Working-face gas concentration shifts in nonlinear, time-varying ways—threshold alarms alone rarely anticipate trends. Liang et al. (2020) propose bidirectional GRU (BiGRU) with Adamax optimization. Below is a concise summary of the problem, method, and reported results.
Scenario and goals
- Signal: mine gas concentration time series.
- Goal: improve forecast accuracy when data quality is controlled.

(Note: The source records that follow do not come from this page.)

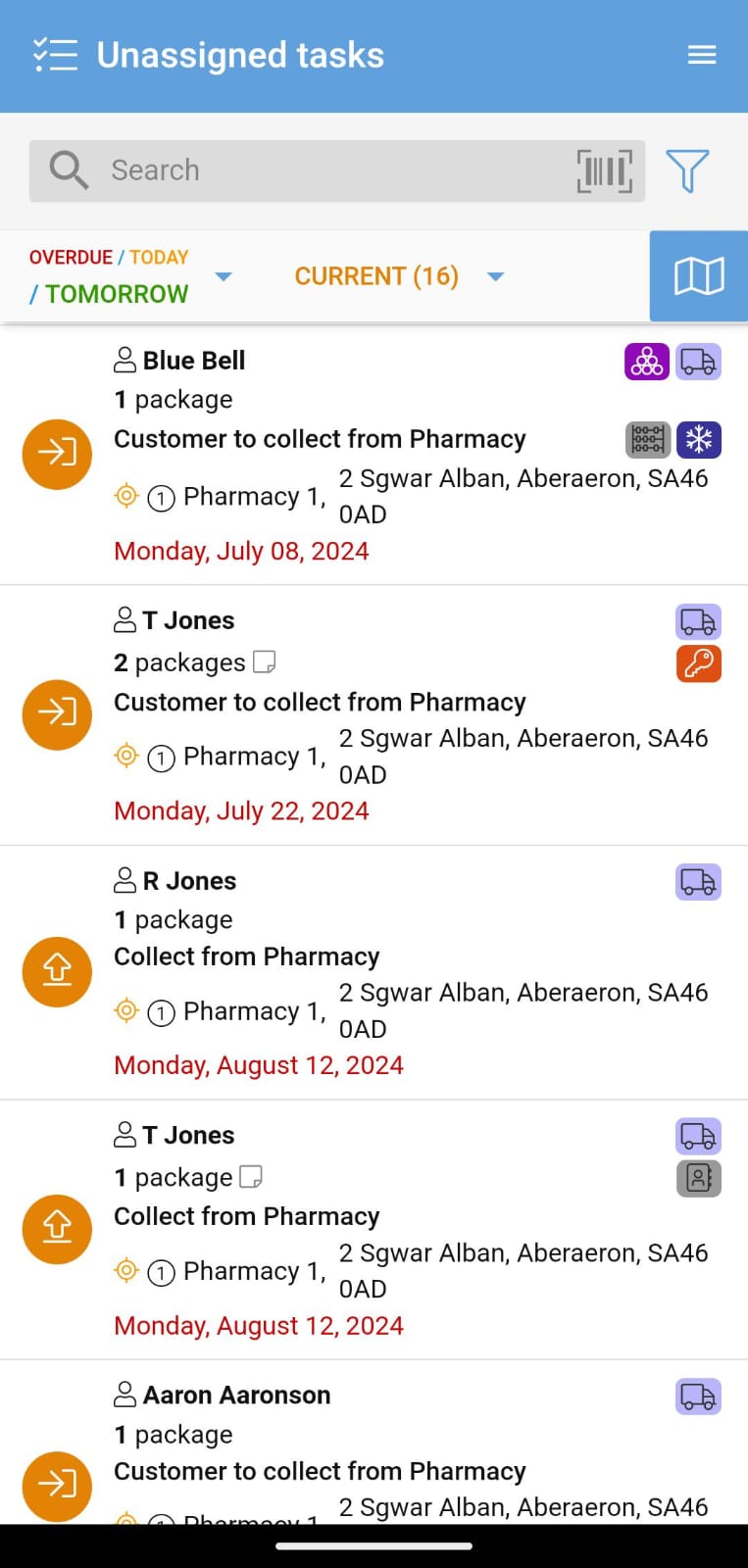 The Unassigned Tasks screen shows you any tasks for your associated entities that are yet to be assigned. This allows PDM App users to pick up on these tasks and make sure none are left outstanding.
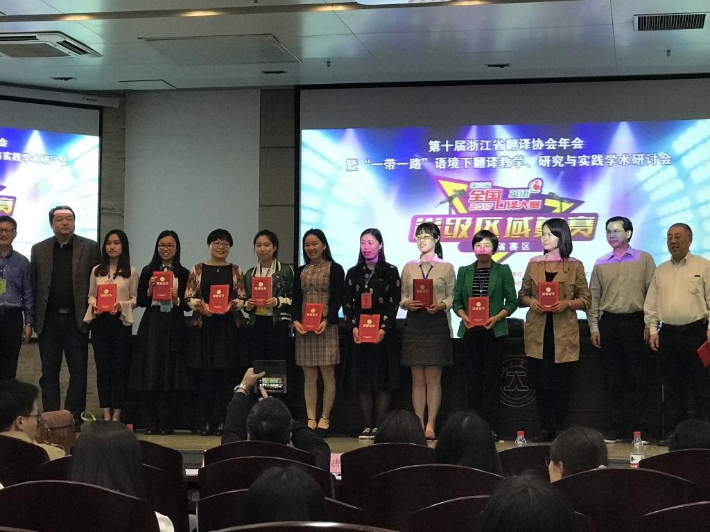 4月15日,2017年浙江省“LSCAT”杯翻譯大賽(筆譯)在浙江工業大學成功落幕,共有1000余名選手參加比賽。經過專家評委會評閱,我校學子取得英譯漢一等獎3名、二等獎6名,漢譯英一等獎1名,二等獎4名的好成績,充分展現了學生扎實的語言基本功和過硬的翻譯能力。
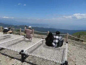 圧倒的な景観は続く。展望デッキから徒歩約5分の「海ノニワ」は、東側の展望広場に張られたネットベンチ。2×1・5メートル、高さ約40センチの白いネットが7張りあり、座ったり、寝そべったりしながら目をやると、強羅の街並みや相模湾、それに続く小田原から千葉・房総までが一望の下。空気が澄んでいれば、東京スカイツリーを見ることもできるという。

- Constraint: models should fit deployment and monitoring/alert pipelines.
Method highlights
1. Data cleaning first
The paper uses a 3σ (Laida) rule for gross errors and Lagrange interpolation for gaps—treating preprocessing as part of modeling, not an afterthought.
2. BiGRU
BiGRU combines forward and backward context; the authors report gains over unidirectional RNN, LSTM, and GRU on their test set.
3. Adamax-BiGRU
MSE loss; Adamax chosen after optimizer comparison; architecture details (e.g. two hidden layers, 32 units) are given in the original study.
4. Reported test-set improvements (their data)
| Baseline | Approx. error reduction | |----------|-------------------------| | RNN | 25.58% | | LSTM | 12.53% | | Unidirectional GRU | 3.01% |
Results are dataset-specific.
Practical takeaways
- Clean series before training.
- Benchmark BiGRU and optimizers on local data.
- Connect forecasts to live monitoring and alerts.
Reference
Liang, R.; Chang, X.; Jia, P.; Xu, C. Mine Gas Concentration Forecasting Model Based on an Optimized BiGRU Network. ACS Omega 2020, 5 (44), 28579–28586.